● **Given data**:

<<<<

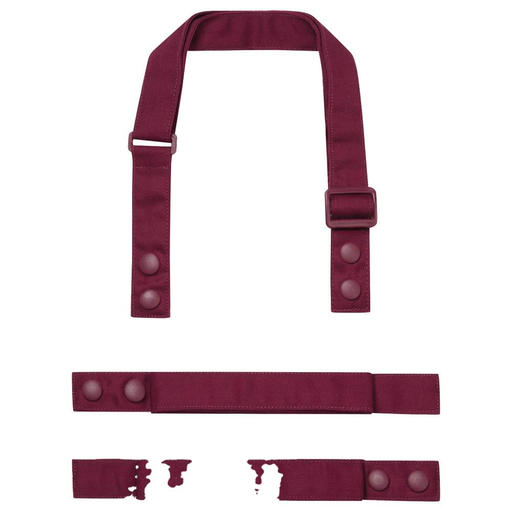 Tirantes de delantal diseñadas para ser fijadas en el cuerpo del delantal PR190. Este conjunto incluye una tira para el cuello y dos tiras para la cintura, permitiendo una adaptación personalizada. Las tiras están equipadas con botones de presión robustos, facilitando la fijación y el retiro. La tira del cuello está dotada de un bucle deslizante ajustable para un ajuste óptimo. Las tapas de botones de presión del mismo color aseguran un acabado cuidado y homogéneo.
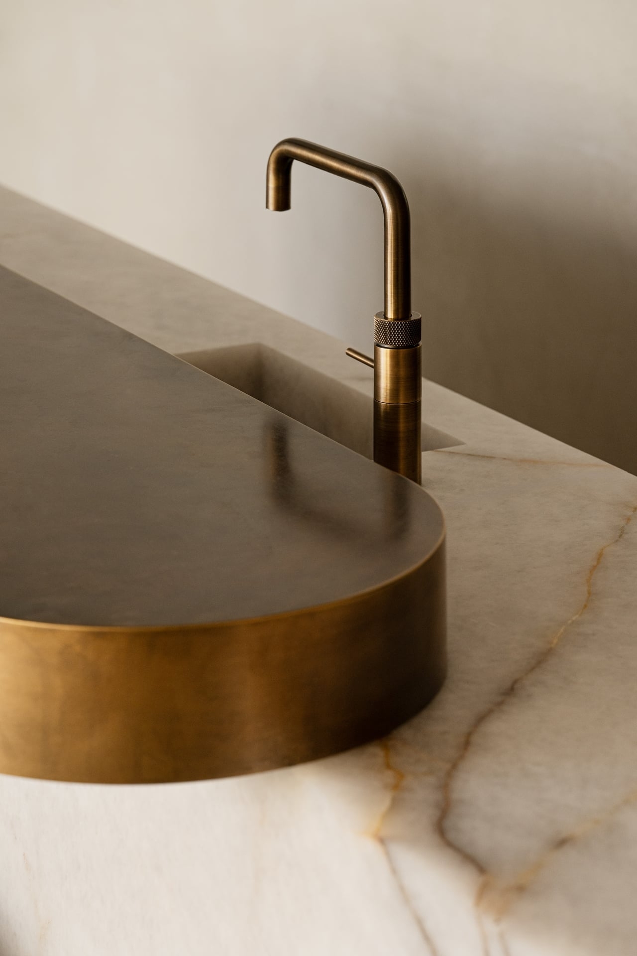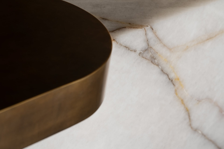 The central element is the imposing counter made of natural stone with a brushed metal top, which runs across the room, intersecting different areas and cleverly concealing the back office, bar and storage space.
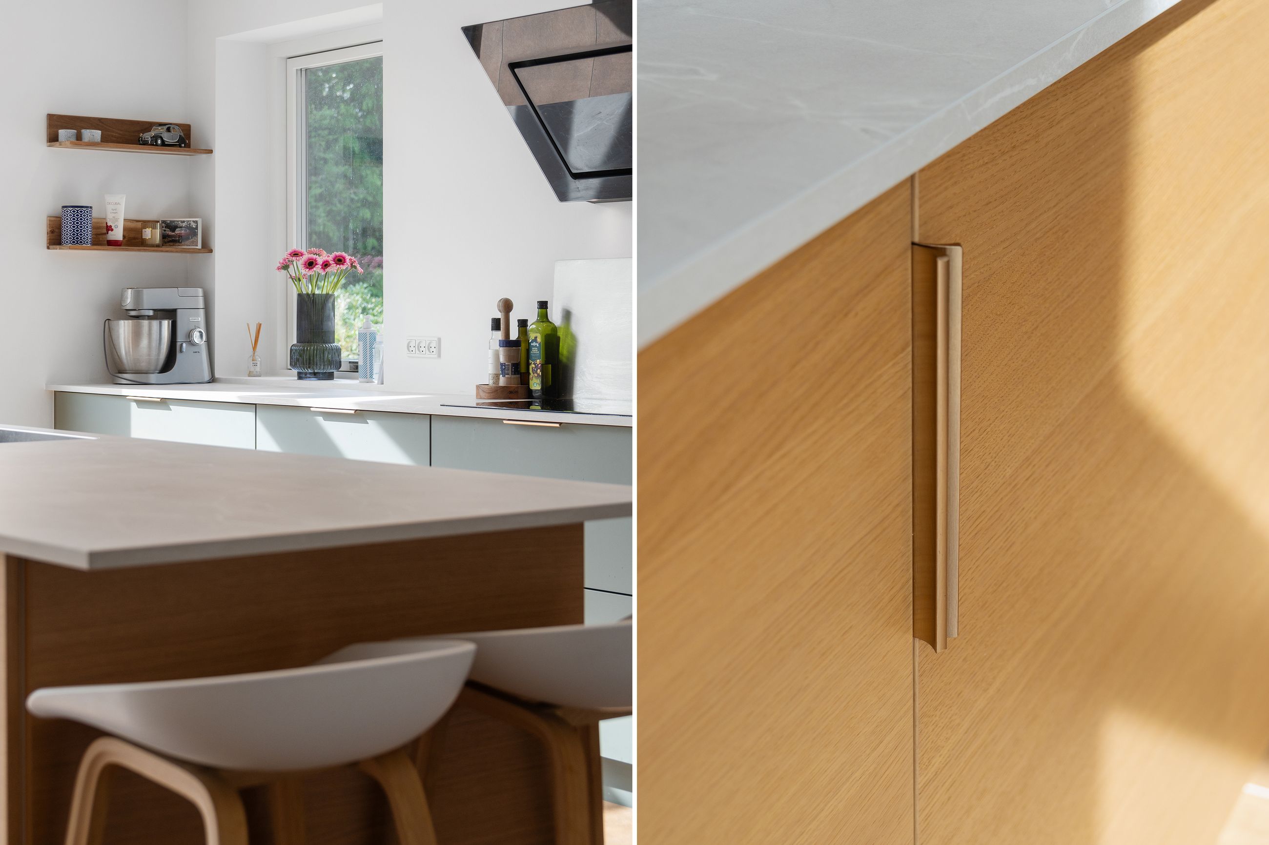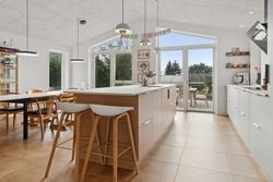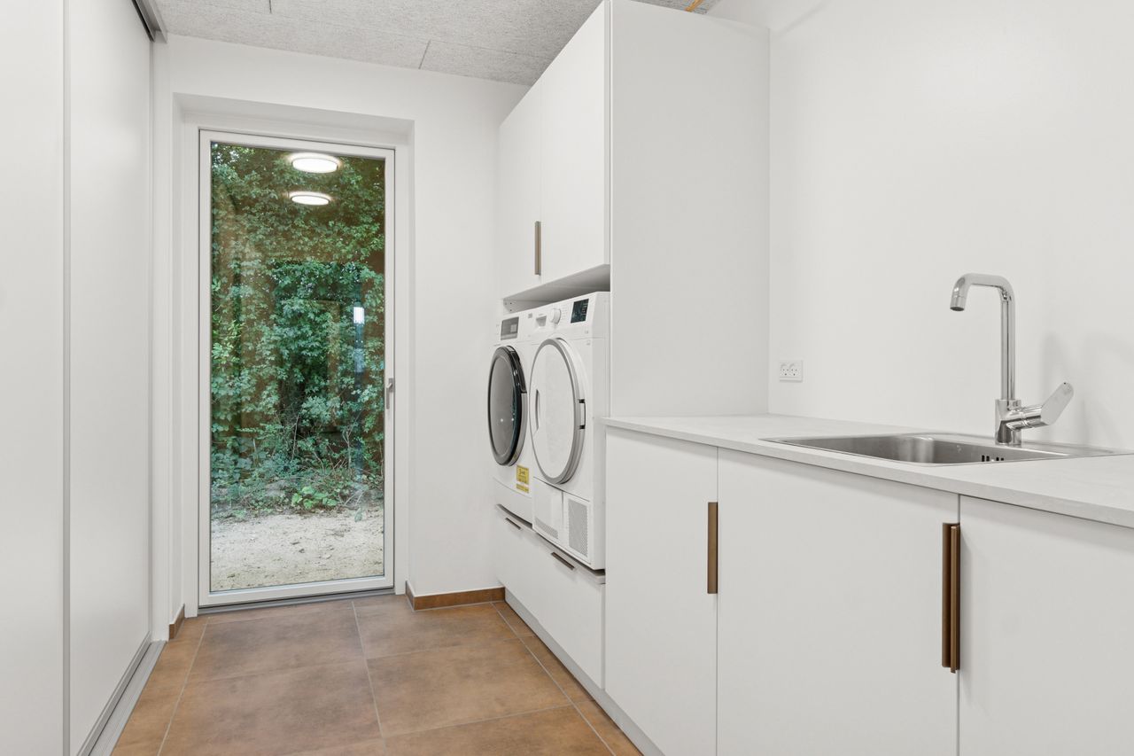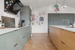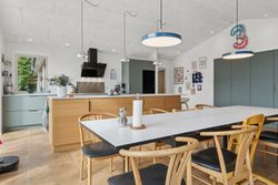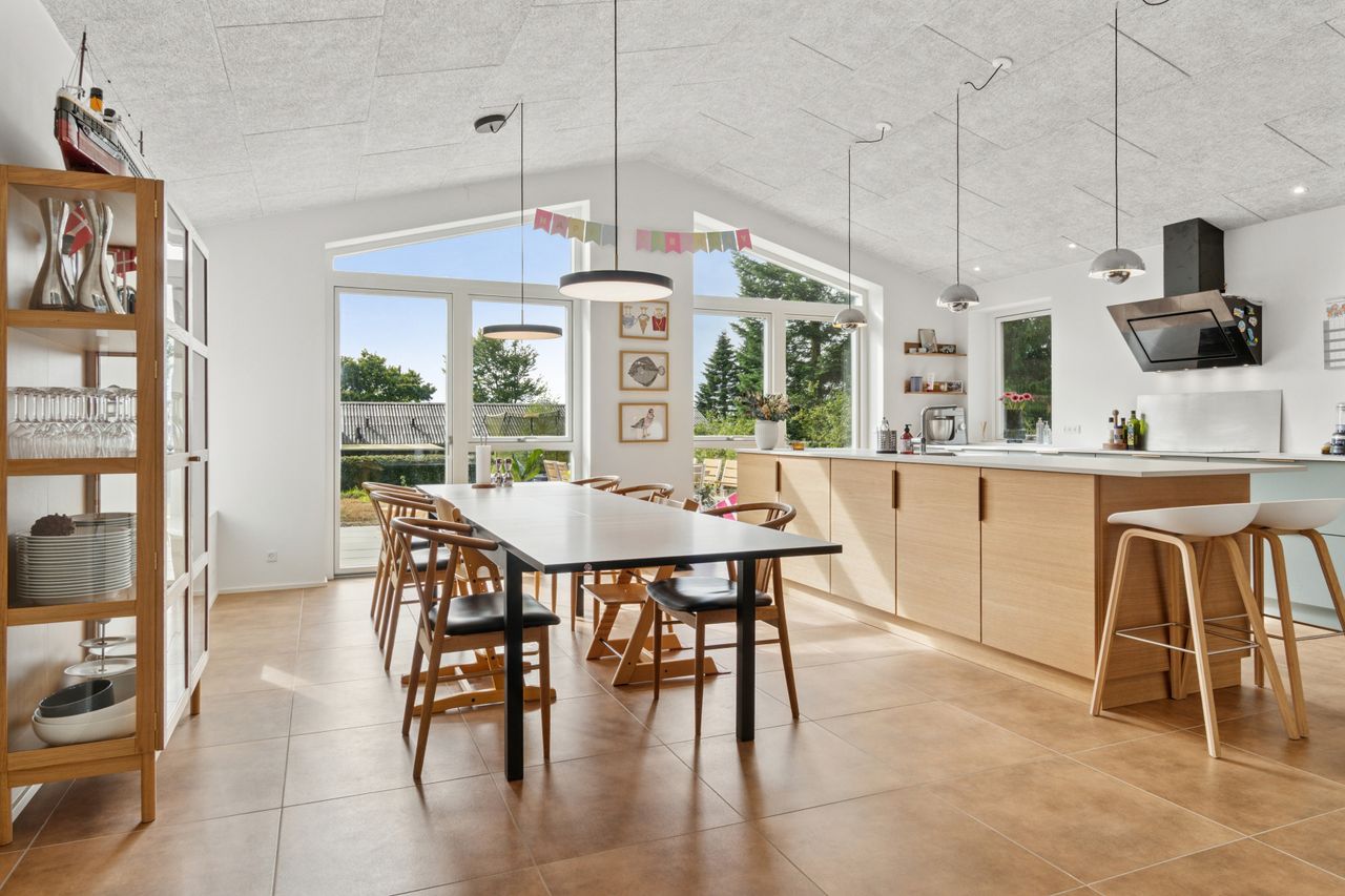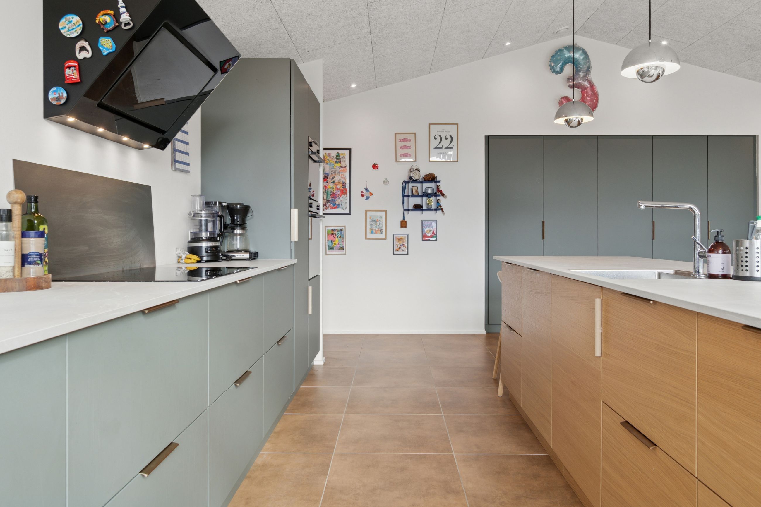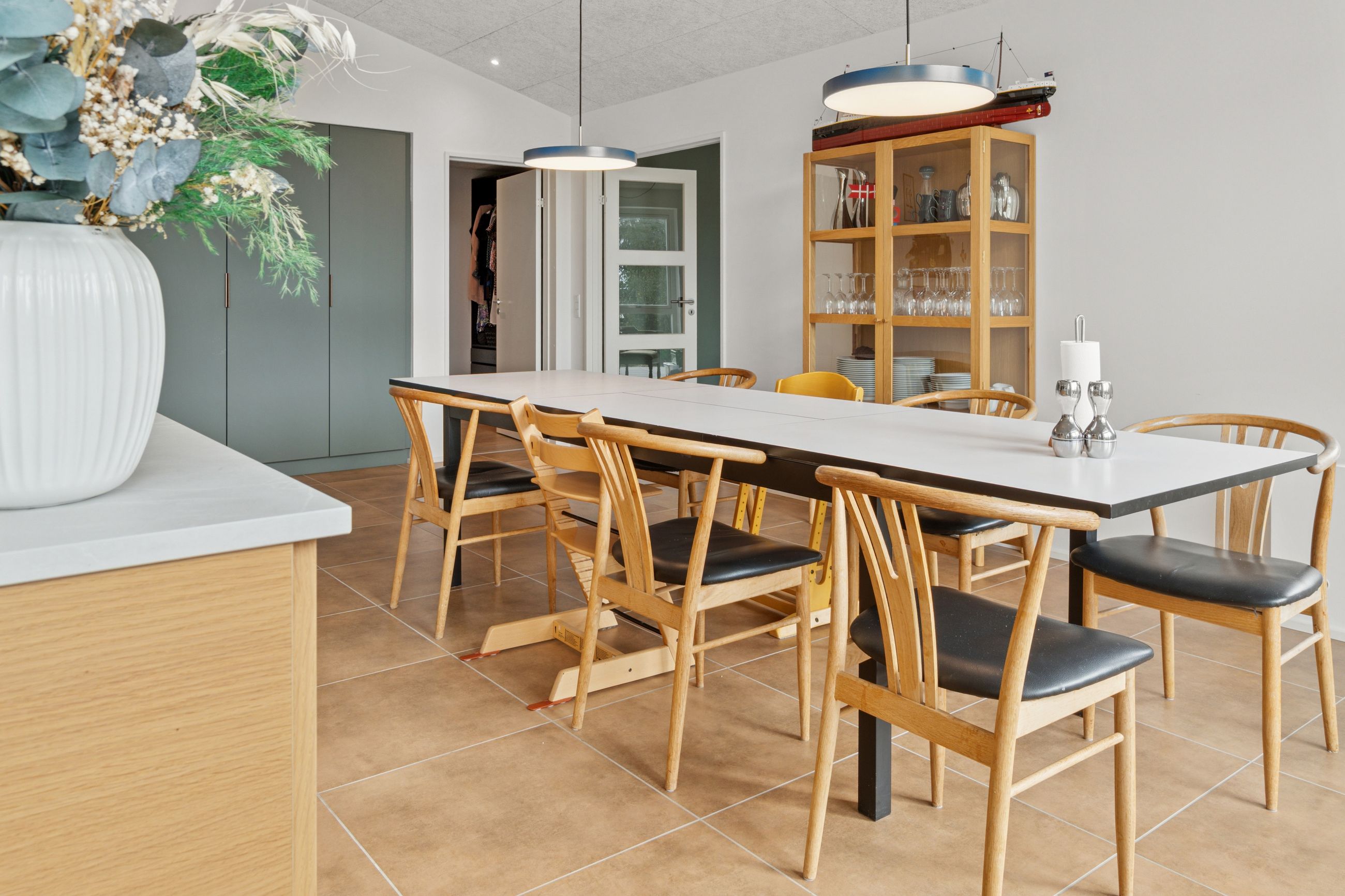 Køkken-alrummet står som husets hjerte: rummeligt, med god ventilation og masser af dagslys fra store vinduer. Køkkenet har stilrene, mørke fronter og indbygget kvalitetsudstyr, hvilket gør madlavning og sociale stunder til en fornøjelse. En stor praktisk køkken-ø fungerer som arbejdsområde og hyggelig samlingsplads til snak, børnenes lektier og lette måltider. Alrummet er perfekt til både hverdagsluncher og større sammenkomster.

>>>>

● **Task to carry out**: Copy exactly, and copy nothing else: the lines from the start of the data above through the line that holds "The central element". The pictures stay out.

● **Written answer**:
 Tirantes de delantal diseñadas para ser fijadas en el cuerpo del delantal PR190. Este conjunto incluye una tira para el cuello y dos tiras para la cintura, permitiendo una adaptación personalizada. Las tiras están equipadas con botones de presión robustos, facilitando la fijación y el retiro. La tira del cuello está dotada de un bucle deslizante ajustable para un ajuste óptimo. Las tapas de botones de presión del mismo color aseguran un acabado cuidado y homogéneo.
 The central element is the imposing counter made of natural stone with a brushed metal top, which runs across the room, intersecting different areas and cleverly concealing the back office, bar and storage space.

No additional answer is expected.